Write out the lines below once more, exactly as they appear. Do not include pictures.

Given material:
Segment Open

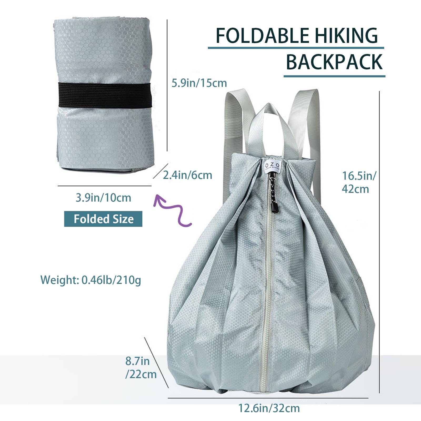 - ►Portable Folding:The foldable backpack measures 16.5 x 12.6 x 8.7 inches and folds to 5.9 x 3.9 x 2.4 inches, when not in use the packable backpack is stowed away as a tiny roll, small in stature and light in weight, The foldable daypack backpack can be easily packed into outerwear pockets, suitcases or handbags.
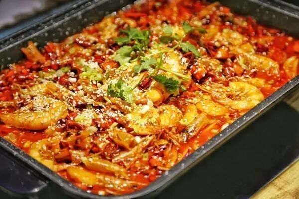 与其他烤鱼不同的是,鱼厂的配菜是烤鱼上桌前垫在鱼下面的,用原汁原味来煮菜,不用加汤破坏原有的味道。40分钟干掉一锅鱼加配菜松松的。除了烤鱼,这里还有几大推荐菜,一个就是红虾飞。香辣口味的红虾飞,满满的一锅大虾,看着很爽的样子,个头也不小,刚开始吃可能味道不够入味,你稍煮片刻,那种香辣味道就开始散发了。还有这个手撕鸡也挺有意思,不是常见的奥尔良口味,而是大厨秘制的,配上了干蘸料,皮脆肉嫩,不开玩笑,你都能一个人干掉一只。
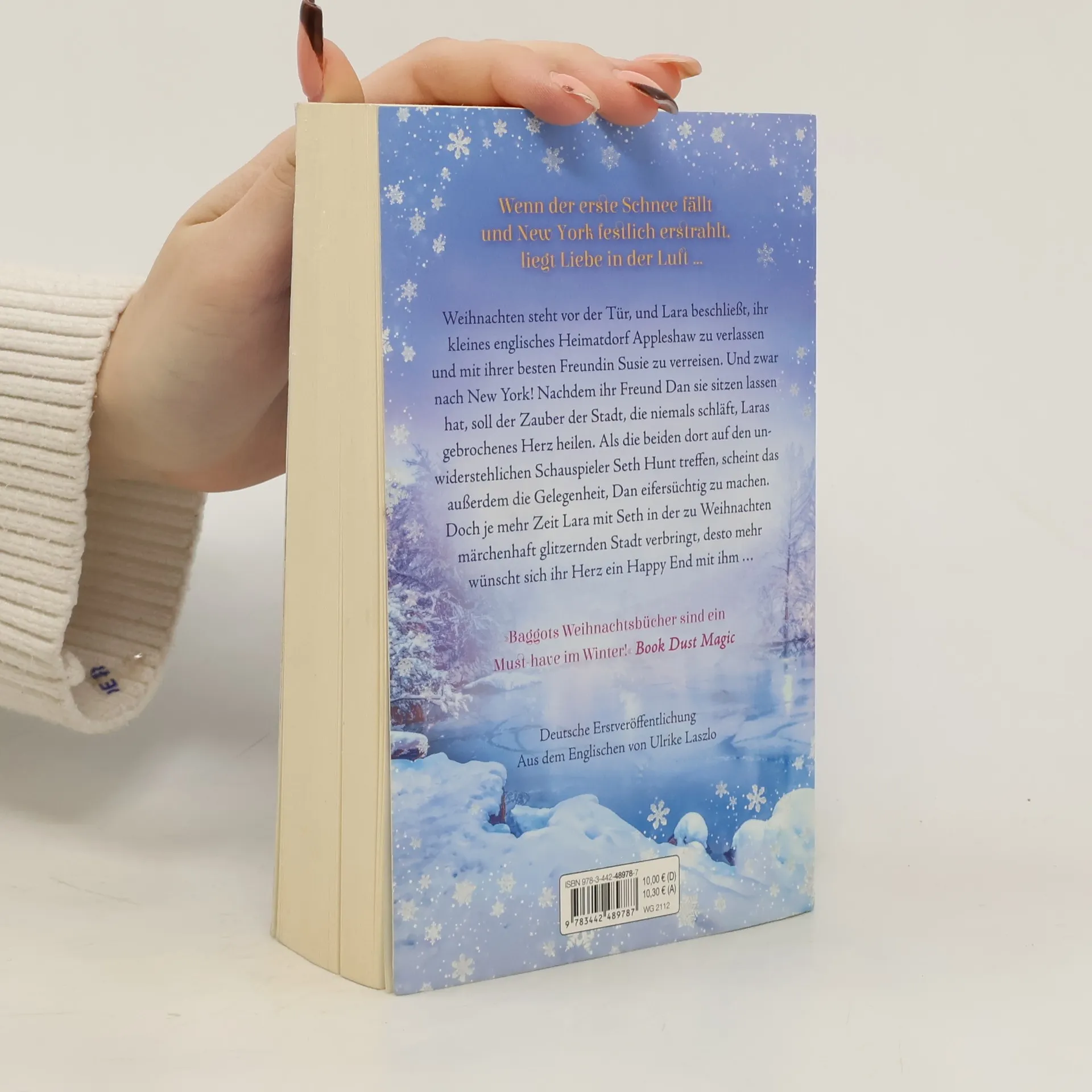 Weihnachten steht vor der Tür, und Lara beschließt, ihr kleines englisches Heimatdorf Appleshaw zu verlassen und mit ihrer besten Freundin Susie zu verreisen. Und zwar nach New York! Nachdem ihr Freund Dan sie verlassen hat, soll der Zauber der Stadt, die niemals schläft, Laras gebrochenes Herz heilen. Als die beiden dort auf den unwiderstehlichen Schauspieler Seth Hunt treffen, scheint das außerdem die Gelegenheit, Dan eifersüchtig zu machen. Doch je mehr Zeit Lara mit Seth in der zu Weihnachten märchenhaft glitzernden Stadt verbringt, desto mehr wünscht sich ihr Herz ein Happy End mit ihm …

Segment Closed

Solution to the exercise:
 - ►Portable Folding:The foldable backpack measures 16.5 x 12.6 x 8.7 inches and folds to 5.9 x 3.9 x 2.4 inches, when not in use the packable backpack is stowed away as a tiny roll, small in stature and light in weight, The foldable daypack backpack can be easily packed into outerwear pockets, suitcases or handbags.
 与其他烤鱼不同的是,鱼厂的配菜是烤鱼上桌前垫在鱼下面的,用原汁原味来煮菜,不用加汤破坏原有的味道。40分钟干掉一锅鱼加配菜松松的。除了烤鱼,这里还有几大推荐菜,一个就是红虾飞。香辣口味的红虾飞,满满的一锅大虾,看着很爽的样子,个头也不小,刚开始吃可能味道不够入味,你稍煮片刻,那种香辣味道就开始散发了。还有这个手撕鸡也挺有意思,不是常见的奥尔良口味,而是大厨秘制的,配上了干蘸料,皮脆肉嫩,不开玩笑,你都能一个人干掉一只。
 Weihnachten steht vor der Tür, und Lara beschließt, ihr kleines englisches Heimatdorf Appleshaw zu verlassen und mit ihrer besten Freundin Susie zu verreisen. Und zwar nach New York! Nachdem ihr Freund Dan sie verlassen hat, soll der Zauber der Stadt, die niemals schläft, Laras gebrochenes Herz heilen. Als die beiden dort auf den unwiderstehlichen Schauspieler Seth Hunt treffen, scheint das außerdem die Gelegenheit, Dan eifersüchtig zu machen. Doch je mehr Zeit Lara mit Seth in der zu Weihnachten märchenhaft glitzernden Stadt verbringt, desto mehr wünscht sich ihr Herz ein Happy End mit ihm …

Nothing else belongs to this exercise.